NON-IFRS AND SUPPLEMENTARY FINANCIAL OR OPERATING MEASURES
The Company references non-IFRS and supplementary financial or operating measures, including, but not limited to, Adjusted EBITDA. This measure does not have a standardized meaning prescribed by IFRS and is most likely not comparable to similar measures presented by other public company issuers including those operating in the cannabis industry. Non-IFRS measures provide investors with additional insights into the Company’s financial and operating performance which may not be garnered from traditional IFRS measures.
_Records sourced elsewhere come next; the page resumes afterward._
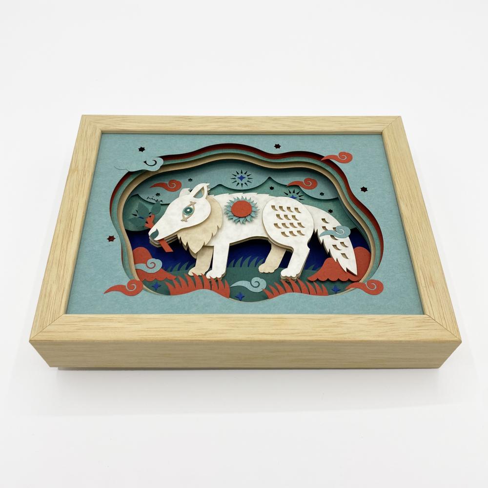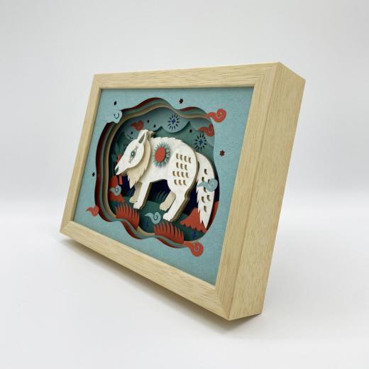 本作は、紙をレイヤーにした立体切り絵シリーズの一作。「山より大きな白い狼」を描いたもの。展示には未出展の作品です。
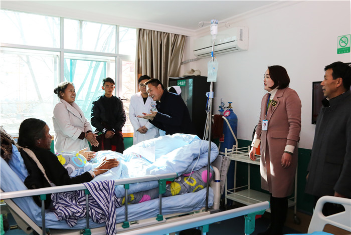 概要:2018年2月15日、16日,受公司黨委書記王斌同志委托,公司黨委副書記、副總經理陳彬同志、西藏阜康醫院院長阿旺建才、西藏阜康醫院院長歐珠羅布一行向依然堅守在一線的專家、醫務工作者、行政后勤人員和不能回家過節的患者表示了親切慰問,為他們送去了節日的祝福和新年禮物 。
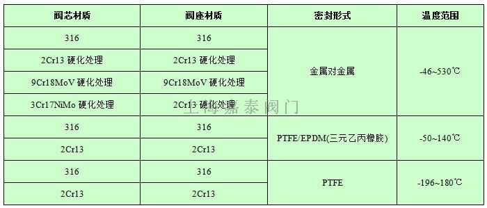 閥內(nèi)件標準材質(zhì)組合及使用溫度、壓力范圍
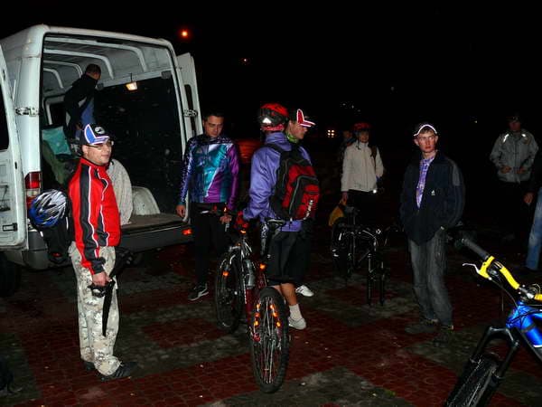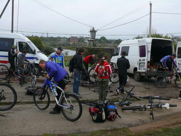 Ехали мы двумя микроавтобусами и легковушкой. Один бус — грузовой был до отказа набит велосипедами. Погрузка у зоопарка, в 6:30 мы выехали.
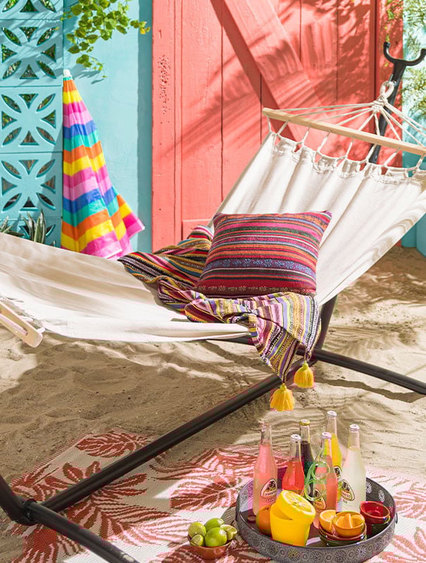 Dat je zult relaxen staat vast met deze stijlvolle standaard voor hangmatten. De standaard is geschikt voor iedere tuin. Ook kan je de hangmat binnen zetten, want de doppen aan de poten zorgen ervoor dat de vloer niet beschadigd raakt. De standaard wordt geleverd zonder hangmat.
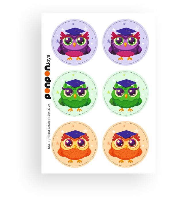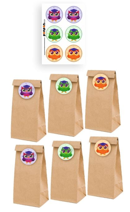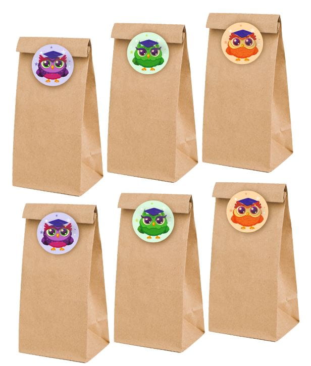 Torebki na słodycze + 6 naklejek - "Sowy w biretach"
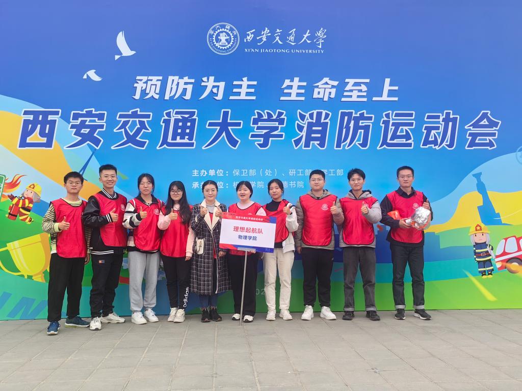 11月21日下午,西安交通大学第四届研究生消防运动会在创新港涵英楼北运动场举行,来自27个学院的300余名参赛选手参加本次运动会。物理学院党委书记张莹出席活动开幕式并到现场为学院代表队加油打气。物理学院参赛队伍“理想起航队”,由辅导员刘文慧带队,队员有袁核、王浩天、吴延熙、丁思丹、余思滢、陈泽文、张伟、赵佳晟、宁雅云、陈佳琪、颜佳婧十一名同学。比赛共有四个项目:水带接力、烟雾灭火、障碍救援和危急时刻。
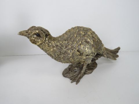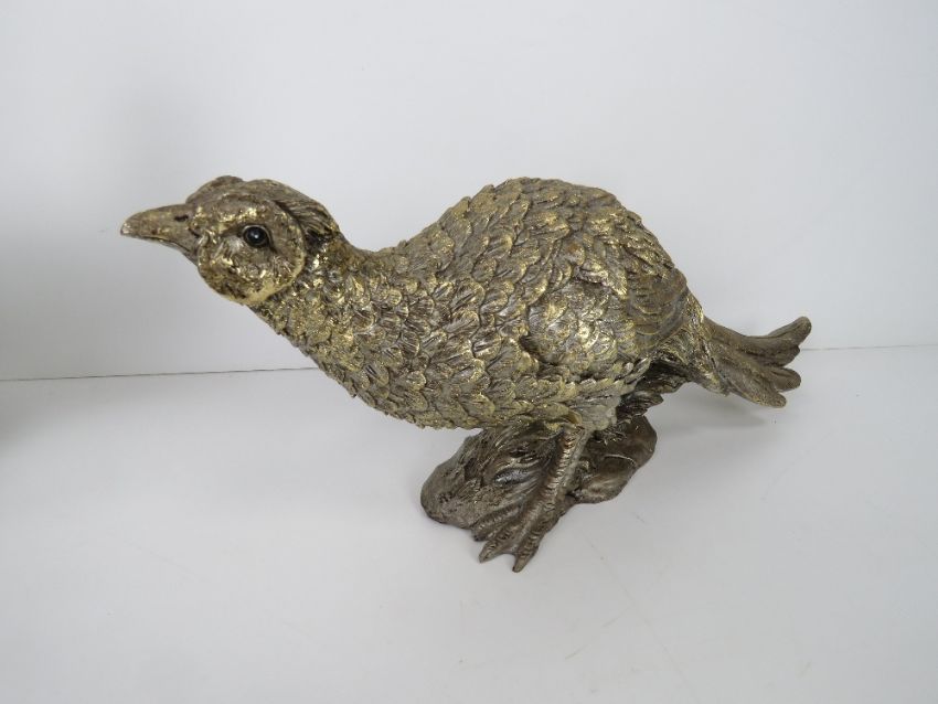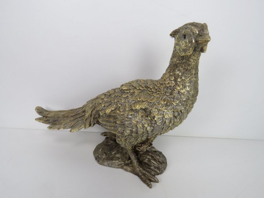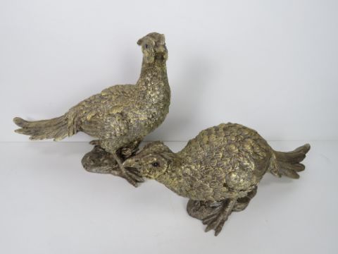 A pair of gold painted pheasant table decorations, one standing 23.5cm high, the other 35cm in length.

The management of the Company, including its key decision makers, use non-IFRS measures in assessing the Company’s financial and operating performance.

The Company calculates Adjusted EBITDA as net income or loss excluding current and deferred income tax expense, finance expense, interest income and amortization of discounts, depreciation and amortization, fair value changes in biological assets, realized fair value changes in inventory sold, share based compensation, termination costs, gains or losses on evaluation of financial instruments, impairments of intangible assets, impairment of goodwill, impairment of property, plant and equipment, accreted interest on leases and applicable short term and long term liabilities, gains or losses on asset disposals, gains or losses on settlement of debt, gains or losses on debt modification, foreign exchange, expected credit losses and bad debt expense, acquisition costs, business transaction costs, reversal of license liabilities, gain on extinguishment of payables, carrying costs associated with dormant investments, and non-recurring expenses such as penalties and late fees.


1 Refer to the Company’s comparative restated fiscal 2022 financial statements included in its audited fiscal 2023 financial statements (note 33) which also details the Company’s discontinued operations for both fiscal 2023 and fiscal 2022 (note 31). Reference to 2022 year over year and quarter over quarter comparative financials are accounted for in accordance with the aforementioned classifications.